And how to act and exotic and unpleasant, Titan ruled temperature of minus 179 degrees Celsius, like the similar planet Earth in the solar system. Unlike the water system of the country are the main components of coal hydrogen, methane and ethane.
One of the most spectacular discoveries of the probe of NASA are the magical islands in the great northern lakes on Titan that footage ever appear and sometimes they will not. Astronomers have not been able to explain this phenomenon, because on reflection surface lakes can not be inferred from that comprise or because they are sometimes present and sometimes not.
A team of scientists gathered around Michael Malask the laboratory of NASA’s jet propulsion think the mystery is solved: they assume that it is not about to become icy hydrocarbons, as far assumed but large areas of gas bubbles. They came to this conclusion based on new data collected by the Cassini probe.
Laboratory experiments have shown that when a combination of different blends of coal hydrogen eg heavy rain or river inflow into the river, sometimes comes to the release of large amounts of nitrogen and foaming. Temperature change in depth can also lead to the creation of etan ice and later to release bubbles of gas.
On the basis of research at NASA, they are sure that the lakes on Titan may appear in areas subject to bubbles and more often than you might anticipate.
For about a month the new measurement probe Cassini can confirm this thesis of causing magical islands.

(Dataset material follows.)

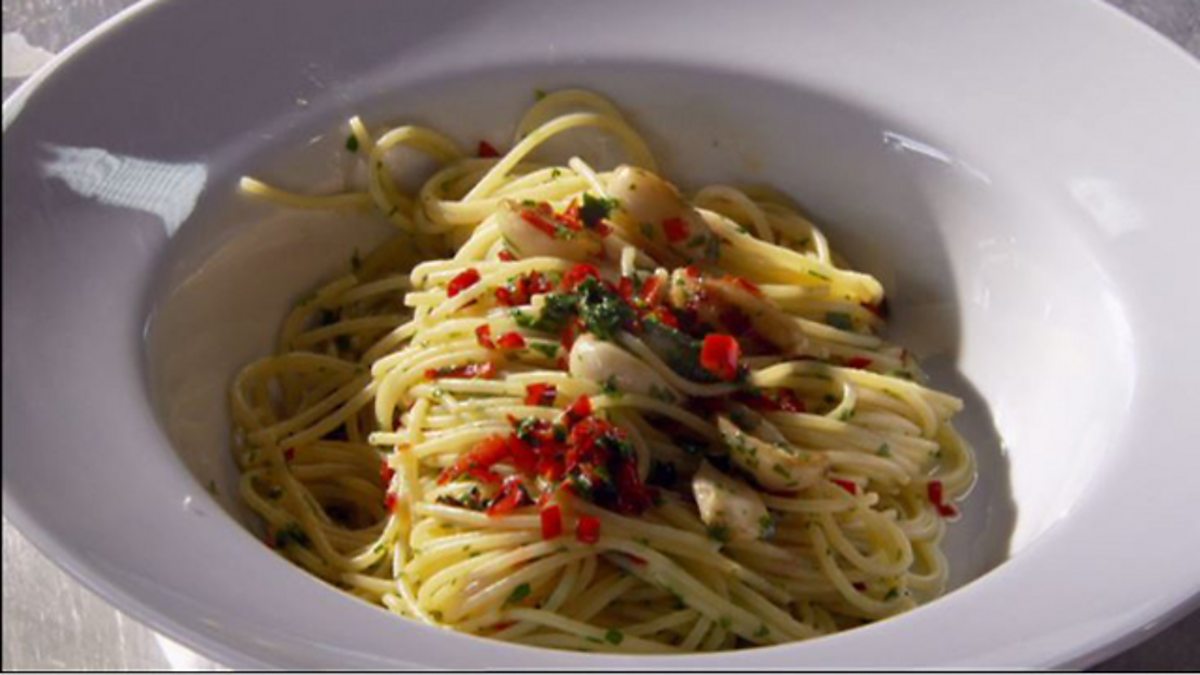 Put the garlic back in the pan with the chilli & add some more olive oil. Using tongs, transfer the pasta to the pan with the chilli, olive oil and garlic. Sprinkle with a little chopped parsley, add a few tablespoons of the water in which the pasta was cooked, adjust the seasoning and then transfer to hot plates.

Freezing Fizz and Breathing Lakes
In characterizing how nitrogen moves between Titan’s liquid reservoirs and its atmosphere, the researchers also coaxed nitrogen out of a simulated ethane-rich solution as the ethane froze to the bottom of their tiny, simulated Titan lake. Unlike water, which is less dense in its solid form than its liquid form, ethane ice would form on the bottom of Titan’s frigid pools. As the ethane crystalizes into ice, there’s no room for the dissolved nitrogen gas, and it comes fizzing out.

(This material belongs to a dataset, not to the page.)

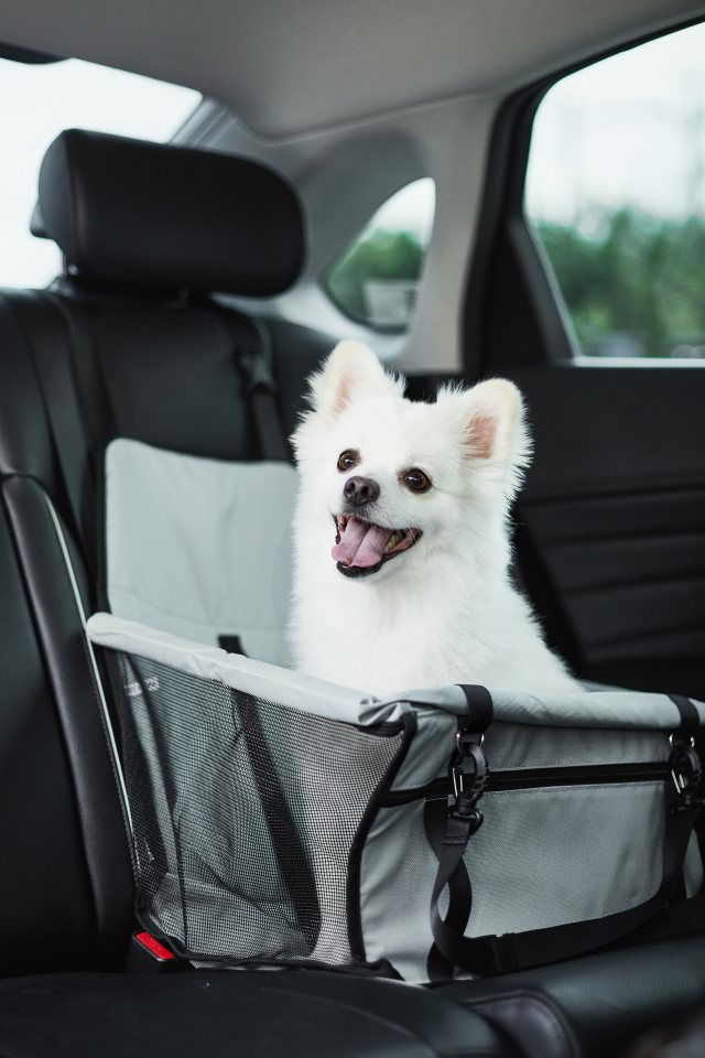 모두의 안전을 위해 차량용 펫시트(애견용 카시트)가 필요하다. 펫시트는 짧은 연결줄로 개를 연결하여 마치 안전벨트 처럼 개가 튕겨나가지 않고 펫시터에 의해 보호받도록 만들어져 있다. 출발 당일 펫시트를 처음 경험시키기 보다는 출발 전에 펫시트를 실내에 두고 익숙해지도록 적응 기간을 가지도록 유도한다.

via NASA/JPL-Caltech/M. Malaska
While the thought of hydrocarbon lakes bubbling with nitrogen on an alien moon is dramatic, Malaska points out that the movement of nitrogen on Titan doesn’t just move in one direction. Clearly, it has to get into the methane and ethane before it can get out.

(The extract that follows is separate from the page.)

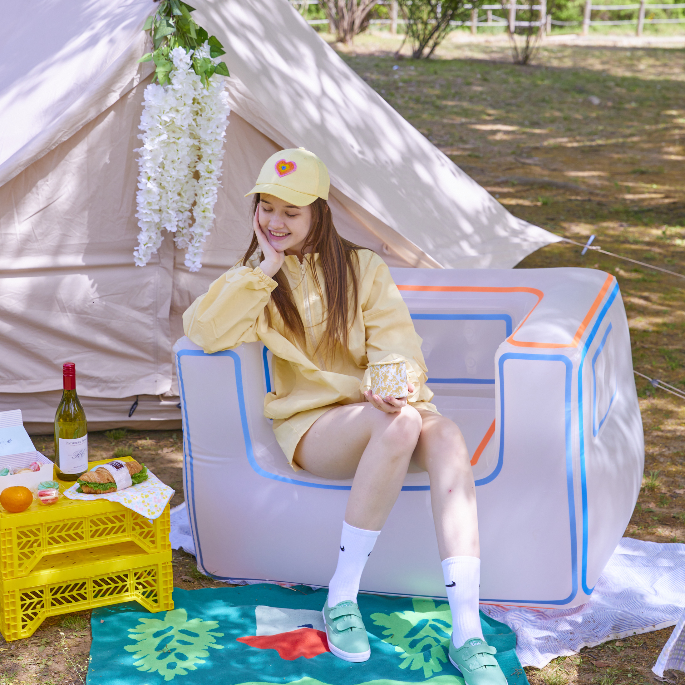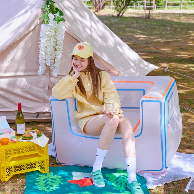 隨時笑臉迎人【Lightree】DREAMI SOFA 夢幻空氣沙發椅 - WIGLEWIGLE (笑臉小花) 戶外活動 海邊沙灘 公園野餐 可愛療癒 防水沙發椅 輕巧好攜帶 創意無限

“In effect, it’s as though the lakes of Titan breathe nitrogen,” Malaska said. “As they cool, they can absorb more of the gas, ‘inhaling.’ And as they warm, the liquid’s capacity is reduced, so they ‘exhale.'”
A similar phenomenon occurs on Earth with carbon dioxide absorption by our planet’s oceans.
Results of the study were published online in February by the journal Icarus.